# [Raw data]
■ ■ ■ ■ ■

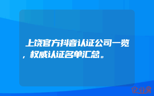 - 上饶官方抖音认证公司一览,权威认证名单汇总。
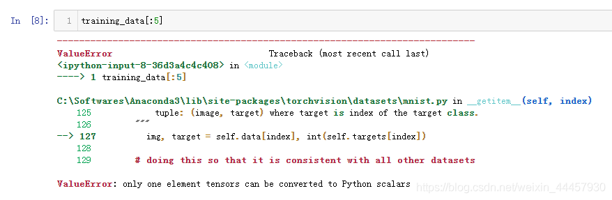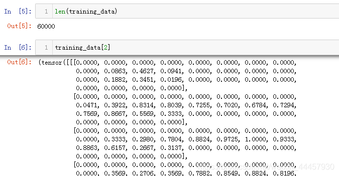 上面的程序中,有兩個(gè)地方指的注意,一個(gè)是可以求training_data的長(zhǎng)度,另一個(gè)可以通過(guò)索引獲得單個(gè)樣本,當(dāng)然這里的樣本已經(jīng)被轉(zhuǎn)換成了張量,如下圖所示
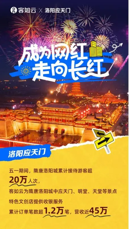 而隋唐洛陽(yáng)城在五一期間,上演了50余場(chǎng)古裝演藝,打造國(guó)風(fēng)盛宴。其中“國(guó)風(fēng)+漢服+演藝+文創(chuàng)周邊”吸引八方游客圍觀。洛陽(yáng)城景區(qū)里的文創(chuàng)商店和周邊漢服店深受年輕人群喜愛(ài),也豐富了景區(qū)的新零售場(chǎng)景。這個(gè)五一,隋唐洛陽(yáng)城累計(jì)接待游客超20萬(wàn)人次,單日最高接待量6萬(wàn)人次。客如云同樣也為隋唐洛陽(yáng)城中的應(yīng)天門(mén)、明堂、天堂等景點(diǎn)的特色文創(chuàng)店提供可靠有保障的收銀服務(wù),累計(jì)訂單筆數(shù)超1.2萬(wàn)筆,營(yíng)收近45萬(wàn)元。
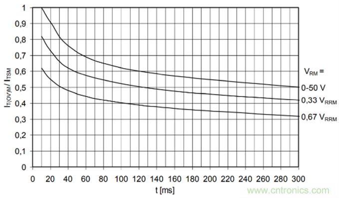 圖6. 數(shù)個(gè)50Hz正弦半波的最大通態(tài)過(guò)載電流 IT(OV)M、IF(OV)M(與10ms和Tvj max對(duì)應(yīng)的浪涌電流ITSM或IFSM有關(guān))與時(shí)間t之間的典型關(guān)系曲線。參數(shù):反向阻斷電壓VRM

■ ■ ■ ■ ■

# [Your task]
Exact repetition required: repeat the first line of the listing above, the line containing "上面的程序中,有兩個(gè)", and every line between, leaving out pictures.

# [Result of this task]
 - 上饶官方抖音认证公司一览,权威认证名单汇总。
 上面的程序中,有兩個(gè)地方指的注意,一個(gè)是可以求training_data的長(zhǎng)度,另一個(gè)可以通過(guò)索引獲得單個(gè)樣本,當(dāng)然這里的樣本已經(jīng)被轉(zhuǎn)換成了張量,如下圖所示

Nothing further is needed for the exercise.